Data entries
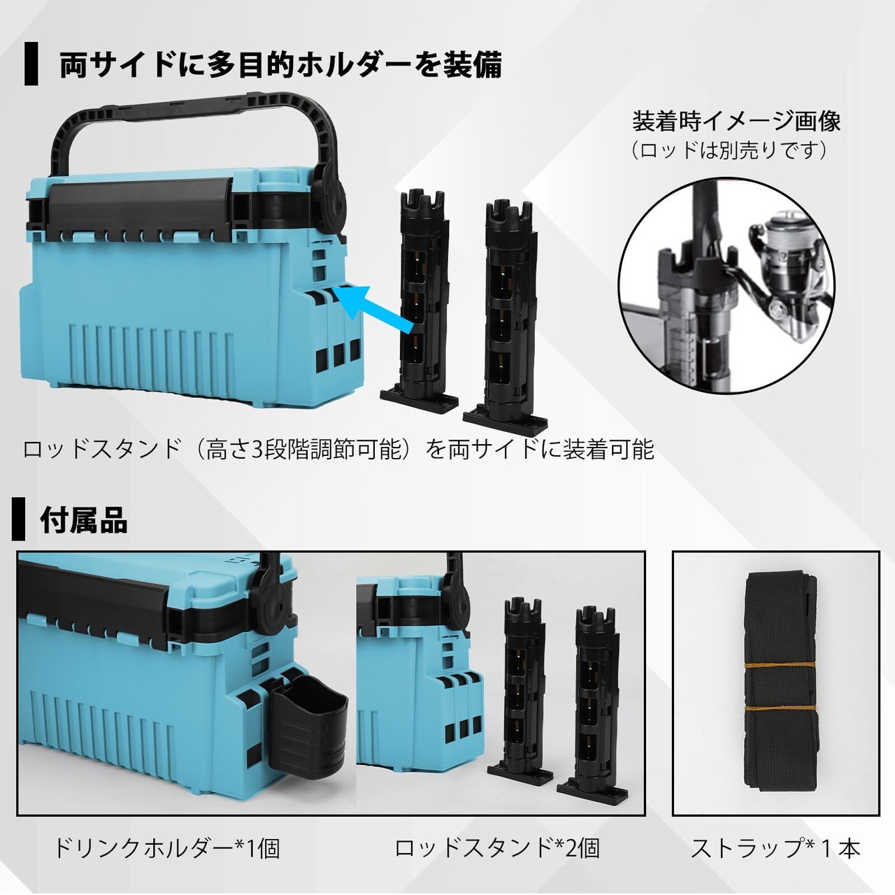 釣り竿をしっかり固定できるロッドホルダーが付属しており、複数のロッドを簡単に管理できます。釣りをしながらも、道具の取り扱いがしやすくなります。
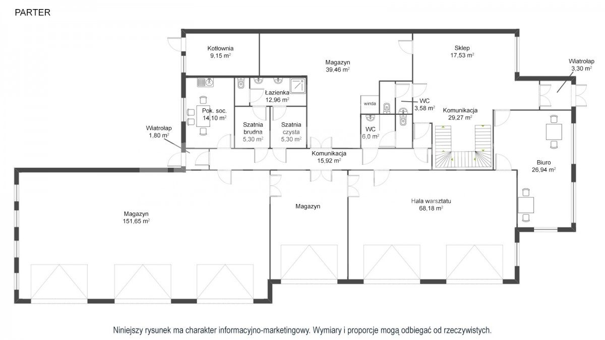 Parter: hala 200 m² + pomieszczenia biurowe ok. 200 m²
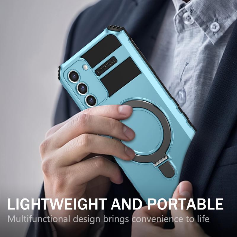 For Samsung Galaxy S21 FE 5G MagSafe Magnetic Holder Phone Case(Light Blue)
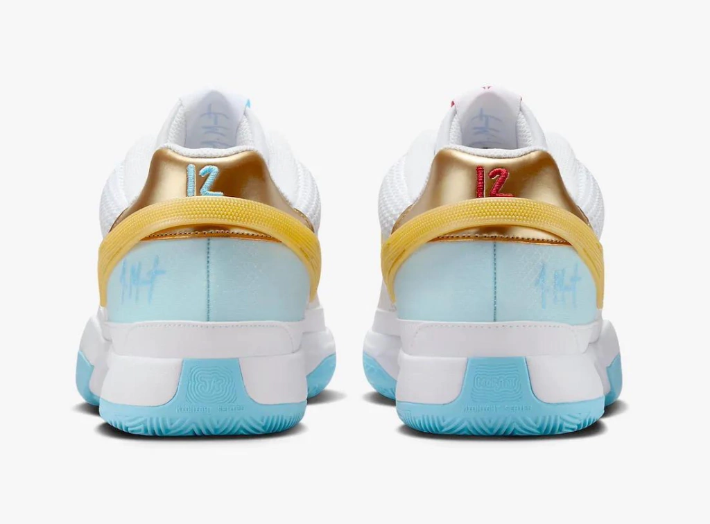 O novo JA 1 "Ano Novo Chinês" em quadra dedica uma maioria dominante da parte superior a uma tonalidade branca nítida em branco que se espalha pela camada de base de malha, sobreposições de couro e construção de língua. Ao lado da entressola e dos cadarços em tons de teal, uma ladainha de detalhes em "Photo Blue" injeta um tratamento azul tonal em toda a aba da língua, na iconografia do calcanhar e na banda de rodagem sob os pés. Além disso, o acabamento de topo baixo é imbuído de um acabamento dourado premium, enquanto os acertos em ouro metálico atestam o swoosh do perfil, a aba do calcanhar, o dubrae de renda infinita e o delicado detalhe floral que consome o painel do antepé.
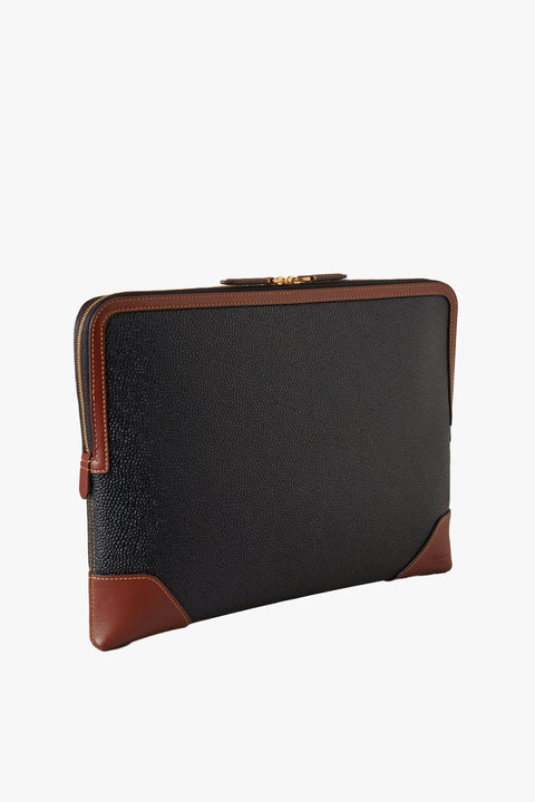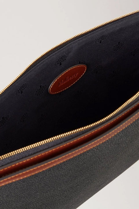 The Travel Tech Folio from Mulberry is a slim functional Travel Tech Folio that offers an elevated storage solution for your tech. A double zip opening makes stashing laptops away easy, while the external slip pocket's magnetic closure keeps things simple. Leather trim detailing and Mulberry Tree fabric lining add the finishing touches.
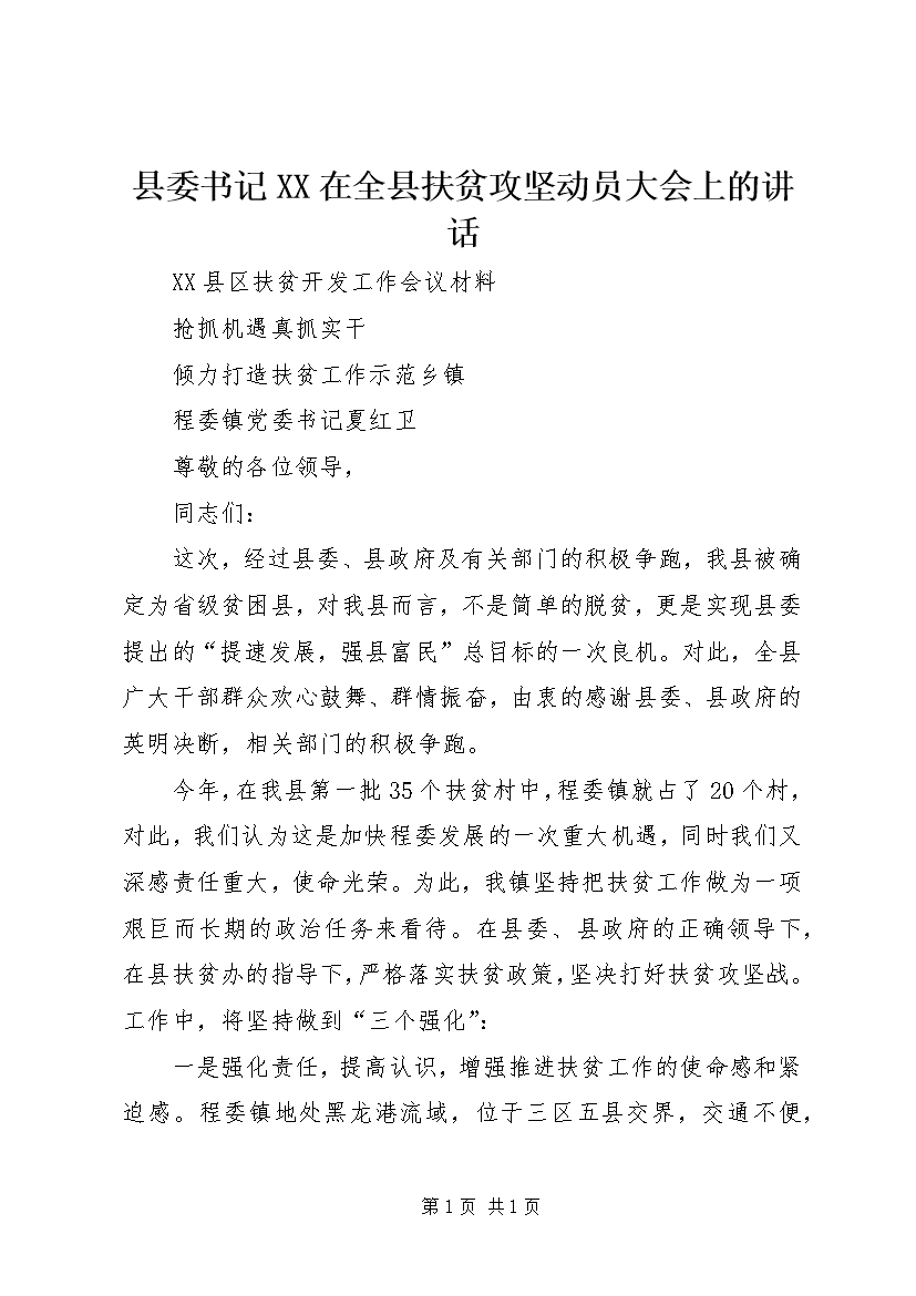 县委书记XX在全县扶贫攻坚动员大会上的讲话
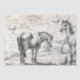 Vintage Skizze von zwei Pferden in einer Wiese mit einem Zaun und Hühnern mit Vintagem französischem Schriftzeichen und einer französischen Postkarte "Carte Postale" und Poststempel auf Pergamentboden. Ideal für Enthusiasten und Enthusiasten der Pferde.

Problem description: Exclude the images, then output the data above word for word.

Task output:
 釣り竿をしっかり固定できるロッドホルダーが付属しており、複数のロッドを簡単に管理できます。釣りをしながらも、道具の取り扱いがしやすくなります。
 Parter: hala 200 m² + pomieszczenia biurowe ok. 200 m²
 For Samsung Galaxy S21 FE 5G MagSafe Magnetic Holder Phone Case(Light Blue)
 O novo JA 1 "Ano Novo Chinês" em quadra dedica uma maioria dominante da parte superior a uma tonalidade branca nítida em branco que se espalha pela camada de base de malha, sobreposições de couro e construção de língua. Ao lado da entressola e dos cadarços em tons de teal, uma ladainha de detalhes em "Photo Blue" injeta um tratamento azul tonal em toda a aba da língua, na iconografia do calcanhar e na banda de rodagem sob os pés. Além disso, o acabamento de topo baixo é imbuído de um acabamento dourado premium, enquanto os acertos em ouro metálico atestam o swoosh do perfil, a aba do calcanhar, o dubrae de renda infinita e o delicado detalhe floral que consome o painel do antepé.
 The Travel Tech Folio from Mulberry is a slim functional Travel Tech Folio that offers an elevated storage solution for your tech. A double zip opening makes stashing laptops away easy, while the external slip pocket's magnetic closure keeps things simple. Leather trim detailing and Mulberry Tree fabric lining add the finishing touches.
 县委书记XX在全县扶贫攻坚动员大会上的讲话
 Vintage Skizze von zwei Pferden in einer Wiese mit einem Zaun und Hühnern mit Vintagem französischem Schriftzeichen und einer französischen Postkarte "Carte Postale" und Poststempel auf Pergamentboden. Ideal für Enthusiasten und Enthusiasten der Pferde.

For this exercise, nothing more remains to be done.